# I'm giving another one away



## reach44 (Aug 22, 2014)

What to do on a Friday night... I know, I'll give away a bottle.  Same rules as last time.  Deadline is Friday, August 29th at 9 pm.  This time it will actually run a week because my 15 hour shifts have been done with and I'll have some free time.  Anyway, have fun everybody. P.S.  I'm trying really hard to get my grandfather to donate one of his many amazing bottles for an auction on here to benefit the site.  Easier said than done lol.


----------



## goodman1966 (Aug 23, 2014)

I'm in, again !  Thanks Corey !


----------



## Bert DeWitt (Aug 23, 2014)

Sound great Cory count me in as well!


----------



## Bottleworm (Aug 23, 2014)

Count me in! Thanks again!


----------



## ACLbottles (Aug 23, 2014)

Me too, thanks again!


----------



## LisaTammy (Aug 23, 2014)

Count me in!
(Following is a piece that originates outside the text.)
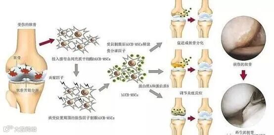 间充质干细胞具有自我分化的功能,在骨关节炎的软骨修复中,间充质干细胞用于向软骨细胞分化的潜能,可以向受损的软组织发生迁移,进而分化成软骨细胞来修复缺损的软骨。

Very excited!Lisa


----------



## wombart (Aug 23, 2014)

Not sure how this works, but count me in!?


----------



## MichaelFla (Aug 23, 2014)

I'll throw my hat in for this round!


----------



## Robby Raccoon (Aug 23, 2014)

Count me in, and here's some advice: Even old dogs learn new tricks--with time and persuasion.


----------



## reach44 (Aug 23, 2014)

Wombart, I put everyone's name in a hat and then draw a name out and whoever it is wins the bottle.  Free bottle, free shipping, good times.


----------



## coreya (Aug 24, 2014)

from one corey to another count me in![]


----------



## Shaggy319 (Aug 24, 2014)

This is very nice of you, count me in.


----------



## reach44 (Aug 24, 2014)

It's nice to see all the new members on here participating.


----------



## wombart (Aug 24, 2014)

Oh awesome. Thanks man.


----------



## Bert DeWitt (Aug 24, 2014)

I agree now we need to get the oldtimers involved.


----------



## dollarbill (Aug 24, 2014)

Been a while sense I've been here. See there is still some fun and games going on. Please count me in. Its mighty nice of you reach44.Thank you. Bill


----------



## reach44 (Aug 24, 2014)

[]


----------



## BenTheDigger (Aug 24, 2014)

Very generous of you, count me in please.Thanks,-Ben


----------



## digger dun (Aug 25, 2014)

count me in...cheers


----------



## bottlerocket (Aug 25, 2014)

Put me in again reach, thanks


----------



## mtfdfire22 (Aug 27, 2014)

im in!!! this sounds fun


----------